DNScrypt-proxy in a container (mostly for research purposes)
This image is neither for industrial nor for personal use. If you want a light-weight yet working version of a containerized DNScrypt-proxy, use klutchell's work. This image for research purpose only, using a heavier-weight base image to have better interaction with the container, e.g., shell access, save and store SSL keys for decrypting communication.

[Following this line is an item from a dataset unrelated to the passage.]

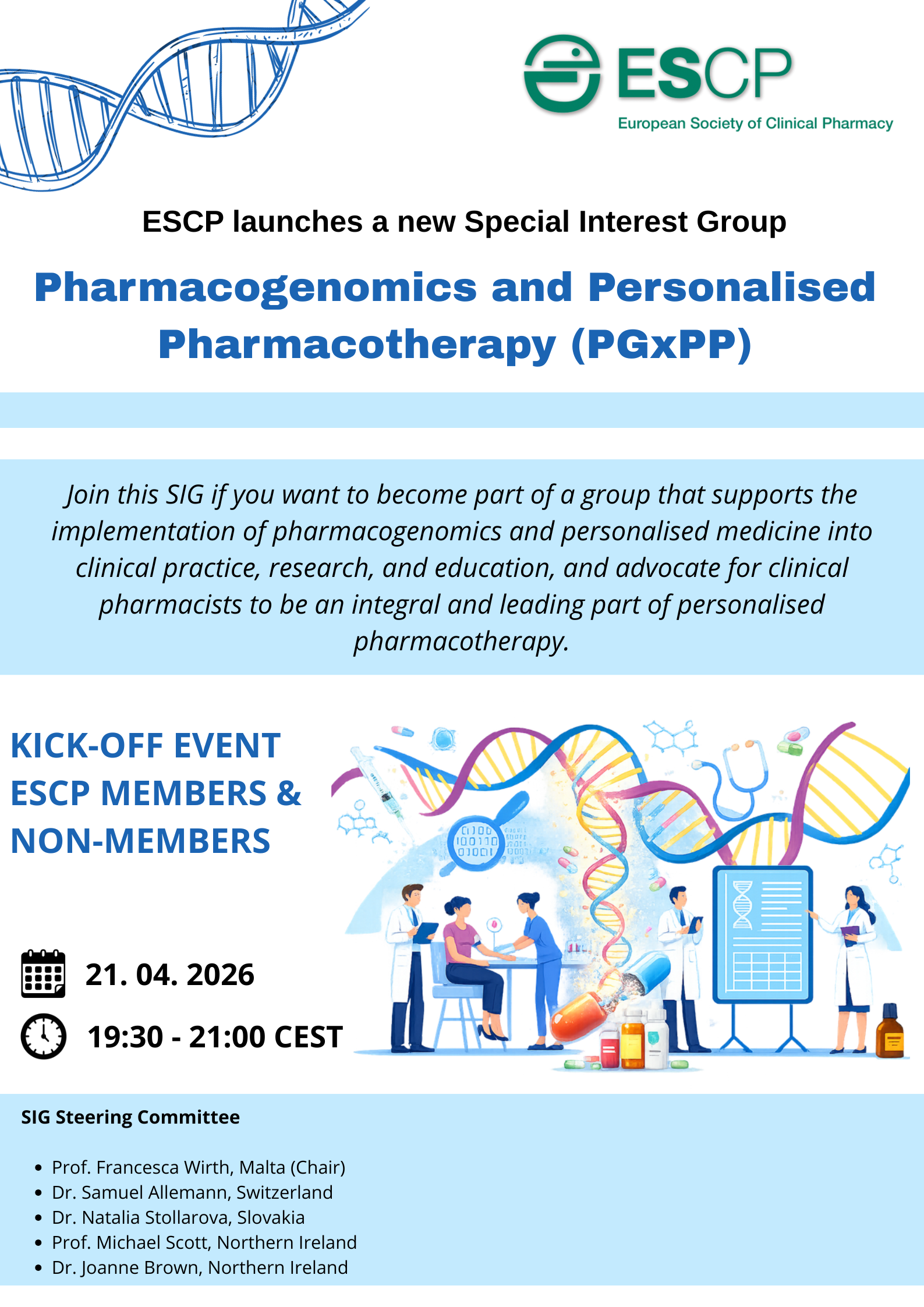 Please join the ESCP Online Kick-off Event for the new Pharmacogenomics and Personalized Pharmacotherapy Special Interest Group (PGxPP SIG). Our speakers, from across the globe, will introduce themselves as founding members and discuss the purpose and mission of PgxPP SIG to advance the responsible, practical integration of pharmacogenomic testing into clinical pharmacy practice across the globe. We also want to know what you want from this SIG.
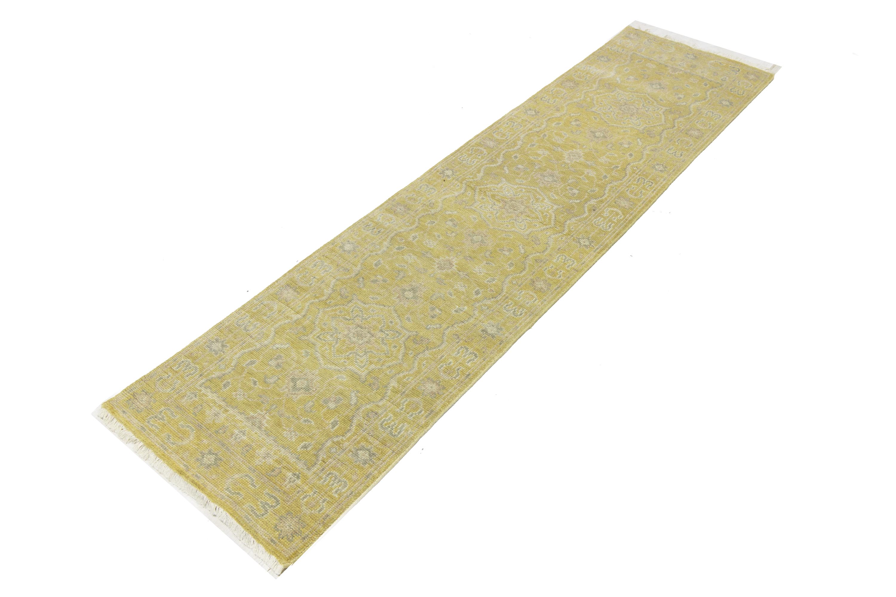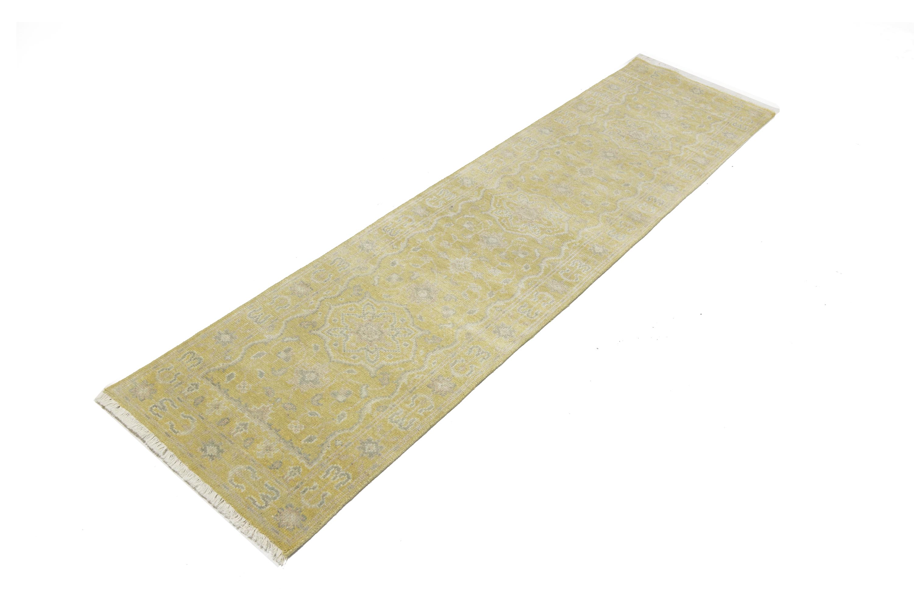 This genuine 3X14 yellow new Oriental runner was made by the hands of gifted weavers inspired by a variety of spectacular artistic designs, to recreate the aged look of the original piece with a richness of color and ornately patterned background field. What set this vintage style Oriental area runner from the others are the material and dye used (wool pile and cotton foundation), knot count, ancient designs, fantastic grades, and its regional historical connection: it has deep roots, from the story of the people who produced it to the meaning of the symbols and colors displayed across its canvas that have been praised for centuries. This Indian home décor carpet will be completely cozy and inviting that never will go out of style! Also, this Oriental runner would be among your most valuable treasures, it is a great investment that accrues value over time, and it will last for generations because was woven with high-quality, all-natural wool. Environmentally friendly, opulent yet affordable; this rug will give you a thorough amount of character to help define your living space with elegance and warmth that will capture the eyes and attention of your audience (homeowners, designers, decorators, family and friends). OT-11842

We have images based on pure bookworm
debian, which is around 234 MB once bundled.
On the other hand, we have Wolfi-based images as well, which are not only less vulnerable to many well known attacks but, since Wolfi is a distroless base image, the final size of the container is around 180 MB. By removing further things from the latter and/or using a base with even less tools, you can actually achieve smaller than 15 MB container like klutchell's work.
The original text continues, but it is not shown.